I shrugged, still smiling. “This is the part where you ask me if I give a tin shit.”

“Elizabeth. Tell me truly: What have you done?”

“Exactly what I had to. Every step of the way.”

Sinclair narrowed his eyes at me. No, wait, he was squinting in the late sunshine. No … he was definitely narrowing his eyes at me. “That wouldn’t be another quote from that awful
Sin City
movie, would it?”

“Frank Miller is a living god! It isn’t awful!” I tried to calm myself. We were never going to see eye to eye on the purely awesome graphic novels of Frank “Living God” Miller. “Okay, well, I killed the devil.

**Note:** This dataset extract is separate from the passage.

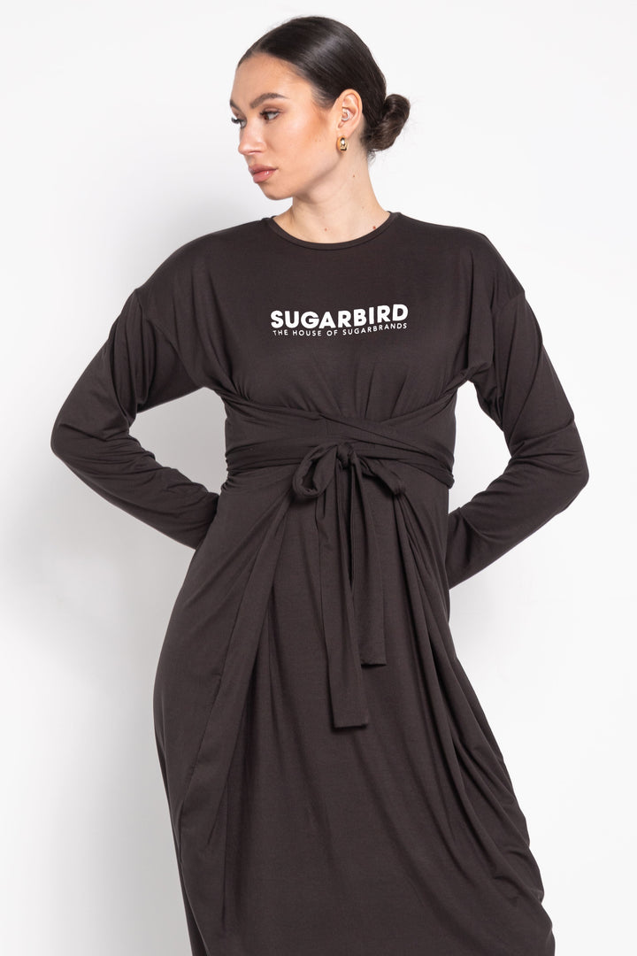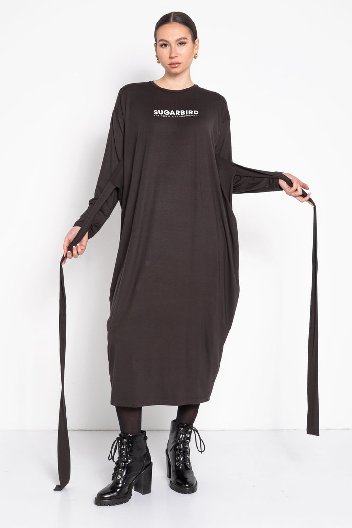 Hosszú és bő szárú, hosszú ujjú, lazafazonú overál. Zárt nyakkivágása keskeny pánttal szegett a hátán egy hasíték felett gombbal záródik. Oldalába rögzített hosszú kötőjével a derékon többször átfűzhető. Ujján SUGARBIRD feliratú címkével díszítettük.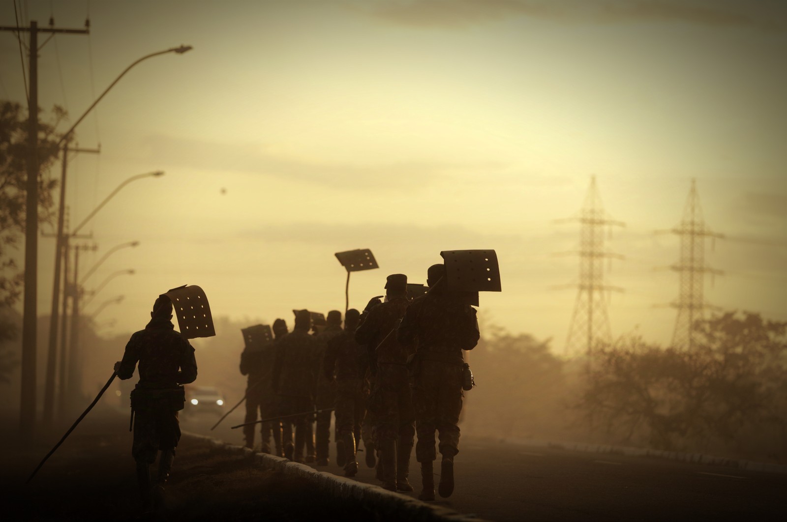Exército e Corpo de Bombeiros trabalham no combate ao fogo no Parque Nacional de Brasília em setembro de 2024 — Foto: Cristiano Mariz / Agência O Globo

But it’s okay; she was pretty sick of still being alive and always in charge of hell. Oh, and Decrepit Me helped by keeping Laura out of it until it was too late. Also, Laura’s mega-pissed at me now. That could be a problem for us later.”

Sinclair shook his head, not in denial, I knew, but because it was a lot to take in. “I do not—all right, beloved, you can take me through it—and that explains what happened to the
Book of the Dead.

“Oh, man.” It had started talking? It had started walking? It had applied for several credit cards in my name to wreck my credit rating? The horror. “Tell me.”

“Nothing bad,” he was quick to assure, “only mysterious. I went to the library to look at it. I was willing to risk a little insanity if it meant I could help you—”

I restrained myself from punching him in the nose. “Are you insane, Sink Lair? Oh. Wait…”

“It was gone,” he finished, which startled me into shutting up. “I assumed your sister … except if you have slain the devil … which I will insist you elaborate on some time later…”

“Right, Satan’s dead now.” I was figuring this out even as I said it. My vague plan formed in the eleventh hour in a panicked moment of extreme stress was sounding more and more … what? Why couldn’t I put my finger on the right word? What was the opposite of
disaster
? “So she won’t ever help Ancient Me in a hundred little ways over the next few hundred years. So the BoD won’t ever be. Right? That’s probably right.” Although…

Laura would be the new and improved Satan. I was pretty sure God wasn’t going to like that job slot staying open, and she was the only person on the planet qualified to take over. But no matter how pissed the Antichrist was, I couldn’t see her grabbing Sinclair, keeping him in hell for decades and ultimately skinning him so I could write my frigging memoirs on him. “But why do you remember it? Right? That’s right, isn’t it … that you shouldn’t remember there even was the BoD because the timeline changed again.” Ow. Thinking this hard made my frontal lobe throb.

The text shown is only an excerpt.